Task objective:
Set down exactly, with nothing added, the lines from the one containing "Fig. 3- Vestigios" through the end of the entries.

Material for this task:
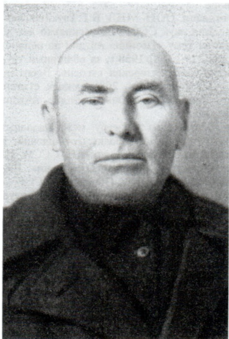
Григорий Ипполитович Трухановский. 1934 г.
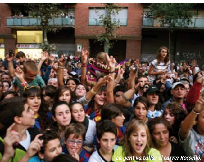
La gent va tallar el carrer Rosselló.
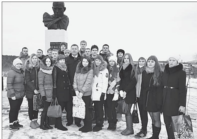
Губернатор области О.А. Кувшинников со старшеклассниками. Март 2015 года
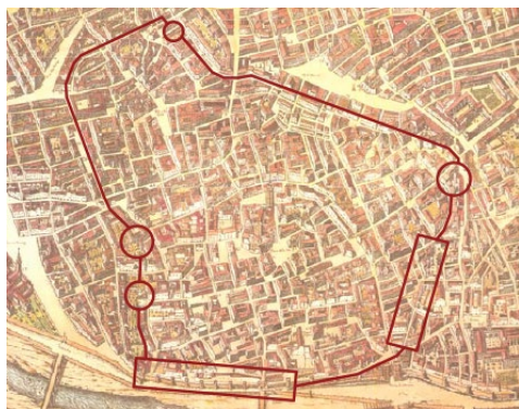
Fig. 3- Vestigios de la muralla árabe grafiados por Tosca en 1704. Grabado de Fortea de 1734.

(1924); Lamarca (1848), Escaplez (1738), Carboneres (1873) y Chavás (1889) en el siglo XIX; Torres Balbas (1970), Sanchis Sivera (1932), Sanchis Guarner (1965), Cabanes (1998), Huici Miranda (2017), Hinojosa Montalvo (2014), (López González y Mániz Téstor (2020), Aldana (2000) etc. en el siglo XX. Asimismo arqueólogos de la talla de Nicolu Primitiu Gómez Serrano (1997) realizaron a comienzos del siglo XX una importante labor en el conocimiento de las obras de infraestructuras históricas, impulsando excavaciones en lugares como la Almoyna o el alcazar islámico, proporcionando el primer análisis sistemático de la arqueología valenciana (Jimenez, 2009: 48)

Solution to this exercise:
Fig. 3- Vestigios de la muralla árabe grafiados por Tosca en 1704. Grabado de Fortea de 1734.

(1924); Lamarca (1848), Escaplez (1738), Carboneres (1873) y Chavás (1889) en el siglo XIX; Torres Balbas (1970), Sanchis Sivera (1932), Sanchis Guarner (1965), Cabanes (1998), Huici Miranda (2017), Hinojosa Montalvo (2014), (López González y Mániz Téstor (2020), Aldana (2000) etc. en el siglo XX. Asimismo arqueólogos de la talla de Nicolu Primitiu Gómez Serrano (1997) realizaron a comienzos del siglo XX una importante labor en el conocimiento de las obras de infraestructuras históricas, impulsando excavaciones en lugares como la Almoyna o el alcazar islámico, proporcionando el primer análisis sistemático de la arqueología valenciana (Jimenez, 2009: 48)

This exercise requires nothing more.